In the Matthew 18 Jesus tells a parable about a man who owed the king 10,000 talents – something like $500 billion. After much pleading the king forgives him this debt, but – here I quote the Bible –“But when the servant went out, he met a man who owed him 100 denarii – perhaps a small mortgage – and refused to hear his pleading and threw him in prison.” When the king heard how ungrateful this banker had been, he reneged on wiping out his $500 billion, and he got prison too.

This biblical parable is coming true today: the government gives the banks Trillions of dollars and the banks refuse to forgive the millions of ‘under water’ mortgages. There nobody goes to prison, reason why this is going to backfire on the financial institutions. Believe me. This ‘pecunia ex machina’ will end badly as it did in the Jesus’ parable.

Our debt levels, especially in the US, Europe and Japan, are higher than they’ve been at any point in human history.
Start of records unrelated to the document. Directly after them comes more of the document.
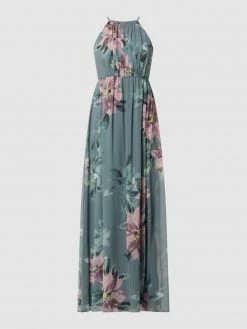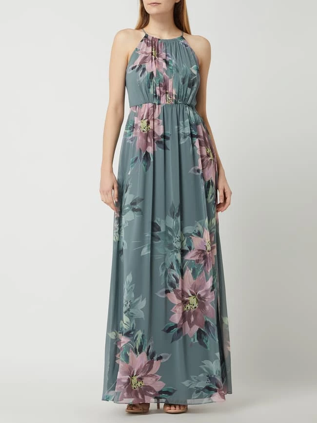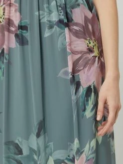 Das Abendkleid von Jake*s Cocktail ist aus Chiffon gefertigt und tailliert geschnitten. Es zeigt sich mit floralem Muster, schmalen Trägern und gelegten Falten.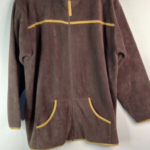 5/$25 STOOKER Fleece Zippered Jacket Dark Brown Contrast Trim Pockets 46 14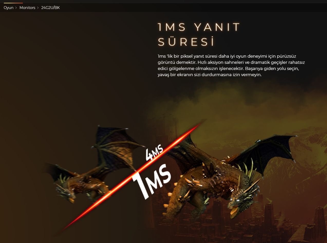Örnek bu IPS panel monitör'ün tipik ms değeri 4'tür. Kendi sitesinden bakabilirsiniz.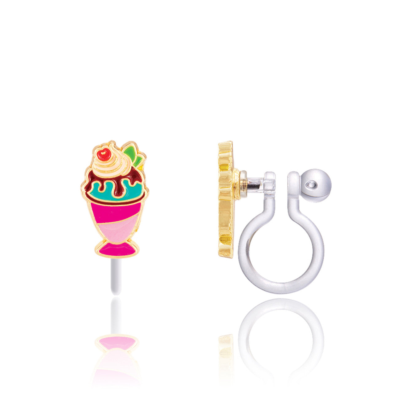 These Sundae Supreme clip-on earrings look just like a sweet, colorful ice cream sundae — complete with chocolate drizzle, whipped topping, and a cherry on top.
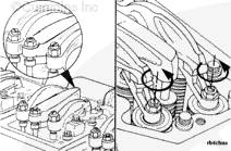 這種調(diào)節(jié)可從任一氣門設(shè)置標(biāo)記開始。在插圖中,假設(shè) 1R-6R 或 1R-8R 標(biāo)記已經(jīng)對(duì)準(zhǔn),且右排 1 號(hào)缸上的氣門已經(jīng)關(guān)閉,可以開始調(diào)整調(diào)節(jié)螺釘高度。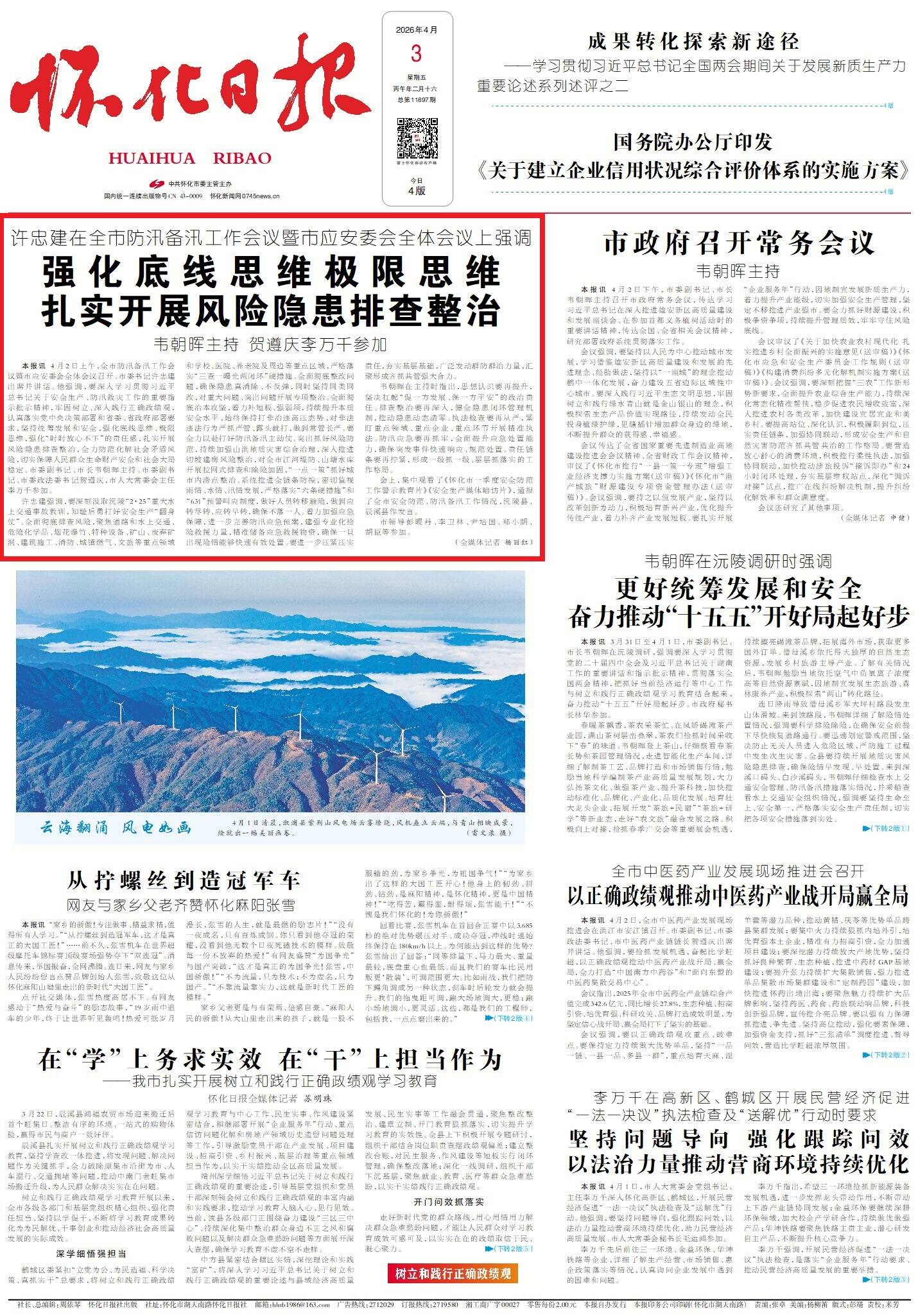 怀化日报全媒体讯4月2日上午,全市防汛备汛工作会议暨市应安委会全体会议召开。市委书记许忠建出席并讲话。他强调,要深入学习贯彻习近平总书记关于安全生产、防汛救灾工作的重要指示批示精神,牢固树立、深入践行正确政绩观,认真落实党中央决策部署和省委、省政府部署要求,坚持统筹发展和安全,强化底线思维、极限思维,强化“时时放心不下”的责任感,扎实开展风险隐患排查整治,全力防范化解社会矛盾风险,切实保障人民群众生命财产安全和社会大局稳定。市委副书记、市长韦朝晖主持。市委副书记、市委政法委书记贺遵庆,市人大常委会主任李万千参加。

All we’ve done now for the last decade is trust a band of bankers and shady officials to fix the problems they themselves caused in the first place: appointing foxes to guard the chicken coop.

Trusting a ‘deus ex machina’ leads to a false religion. Putting our trust in pecunia ex machina’ reflects the false foundation of our economic life.

A true God requires total devotion, all the time. True money must be backed by genuine collateral. Both deus ex machina and pecunia ex machina are based on false assumptions and signal the end of much of what we call organized religion and capitalistic society.